Once LiquiDoc knows the right file type, it will parse the file into a Ruby hash data structure for further processing.

==== CSV Data

Data ingested from CSV files will use the first row as key names for columnar data in the subsequent rows, as shown below.

.Example -- sample.csv showing header/key and value rows
[source,csv]
----
name,description,default,required
enabled,Whether project is active,,true
timeout,The duration of a session (in seconds),300,false
----

The above source data, parsed as a CSV file, will yield an _array_.
Each array item represents a row from the CSV file (except the first row).
Each array item contains a _structure_, or what Ruby calls a _hash_.
As represented in the CSV example above, if the structure contains more than one key-value pair (more than one “column” in the source), all such pairs will be siblings, not nested or hierarchical.

.Example -- array derived from sample.csv, with values depicted
[source,ruby]
----
data[0].name #=> enabled
data[0].description #=> Whether project is active
data[0].default #=> nil
data[0].required #=> true
data[1].name #=> timeout
data[1].description #=> The duration of a session (in seconds)
data[1].default #=> 300
data[1].required #=> false
----

==== Free-form Data

Free-form data can only be parsed using regex patterns -- otherwise LiquiDoc has no idea what to consider data and what to consider noise.

Any file organized with one record per line may be consumed and parsed by LiquiDoc, provided you tell the parser which variables to extract from where.
The parser will read each line individually, applying your regex pattern to extract data using named groups.

[TIP]
.Learn regular expressions
If you're already familiar enough with regex, this note is not for you.
If you deal with docs but are not a regex user, become one.
I promise you will deem the initial hurdles worth surmounting.

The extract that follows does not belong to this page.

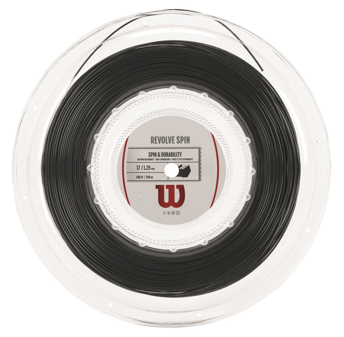 The Wilson Revolve Spin 17g Black Tennis String (Reel) is comprised of Crosslink Ester Polymer and UHMW. Now featuring an edged shape, Revolve Spin offers exceptional spin while maintaining comfort and power.

.Example -- sample.free free-form data source file
----
A_B A thing that *SnASFHE&"\|+1Dsaghf true
G_H Some text for &hdf 1t`F false
----

.Example -- regular expression with named groups for variable generation
[source,regex]
----
^(?<code>[A-Z_]+)\s(?<description>.*)\s(?<required>true|false)\n
----

.Example -- array derived from sample.free using above regex pattern
[source,ruby]
----
data[0].code #=> A_B
data[0].description #=> A thing that *SnASFHE&"\|+1Dsaghf
data[0].required #=> true
data[1].code #=> G_H
data[1].description #=> Some text for &hdf'" 1t`F
data[1].required #=> false
----

Free-form/regex parsing is obviously more complicated than the other data types.
Its use case is usually when you simply cannot control the form your source takes.

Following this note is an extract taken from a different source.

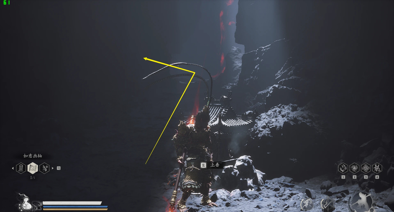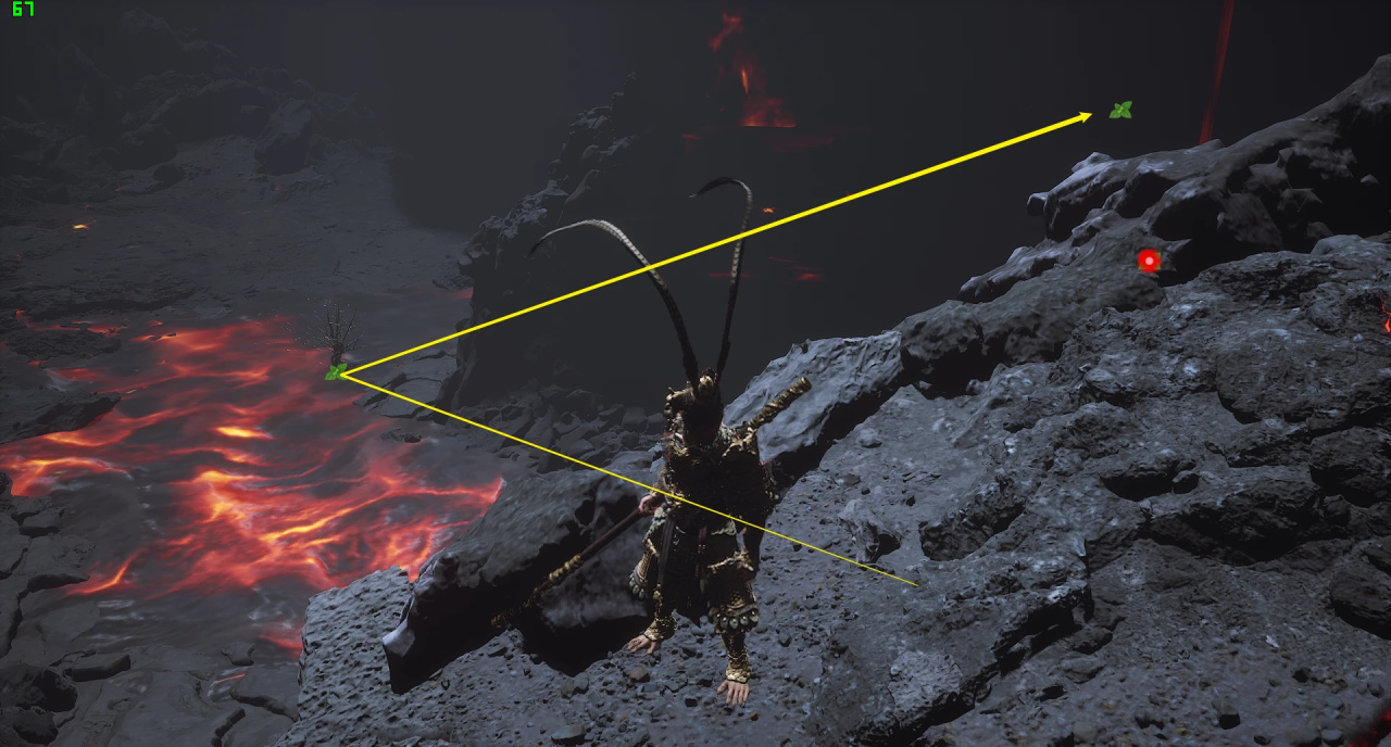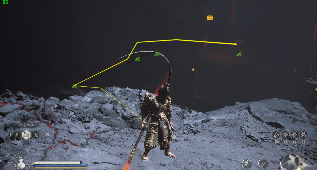 然後走左側懸崖跳到岩漿裏面「裏面一共四個,還有一個boss燧統領」

The regex type is also handy when the content of some fields would be burdensome to store in conventional semi-structured formats like those natively parsed by LiquiDoc.
This is the case for jumbled content containing characters that require escaping, so you can keep source like that from the example above in the simplest possible form.

=== Templating

LiquiDoc will add the powers of Asciidoctor in a future release, enabling initial reformatting of complex source data _into_ AsciiDoc format using Liquid templates, followed by final publishing into rich formats such as PDF, HTML, and even slide presentations.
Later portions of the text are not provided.